The present study is a part of a project with the ultimate goal to establish feed formulae suitable for culture of P. pelagicus at different stages via digestive enzyme information. This study is emphasized on the main digestive enzymes amylase, total protease, trypsin, and chymotrypsin during metamorphosis and a molting period.
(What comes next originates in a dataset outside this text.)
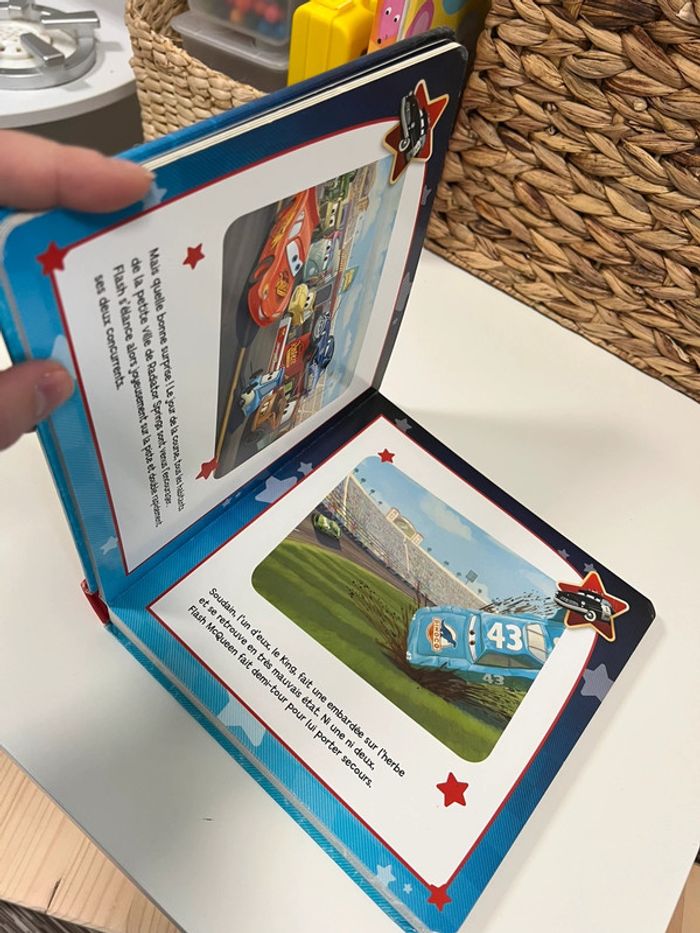 Quatres histoires illustrées de héros de cars Format pages épaisses cartonnées Bon état car petits défauts sur la tranche comme visible sur les dernières photos La réduction sur les lots est activée 😊

The conditions for the analyses of the enzyme activities are based on the preliminary study on characteristics of the digestive enzymes in P. pelagicus . The activity ratio of trypsin to chymotrypsin (T/C ratio) is also studied, as it has been shown to associate with feed efficiency [24–28] and fish growth rate [13, 24, 27–33]. Moreover, the in vitro digestibility of protein in different feed raw materials for future feed formulation is also studied using crude enzyme extracts from different growth stages of P. pelagicus. The in vitro digestibility technique could differentiate feed raw materials as well as formulated feeds [3, 4, 26, 34] that will be suitable for each developmental stage of P. pelagicus. The work could provide new knowledge on development of digestive enzymes and protein digestive ability, which is a prerequisite for future development of feed formulae for culture of P. pelagicus.
2. Materials and Methods
2.1. Animal Husbandry
2.1.1. Metamorphosis Study
The healthy female broodstock P. pelagicus (12–14 cm in external carapace width) with heart beating stage was obtained from the coastal zone of Chonburi province, Thailand. The broodstocks were held for spawning in 500-L fiberglass tanks at the laboratory of Aquatic Science Department, Burapha University. The healthy hatched larvae were transferred to new 500-L fiberglass tanks (6,000 individuals per tank) with a density of 15 larvae L−1. The zoea 1 (Z1), zoea 2 (Z2), zoea 3 (Z3), zoea 4 (Z4), megalopa (Mp), and first crab (C) stages were fed, respectively, with Rotifer Brachionus plicatilis, early hatched Artemia sp., subadult Artemia sp., Artemia flake, and commercial shrimp feed with 35% protein.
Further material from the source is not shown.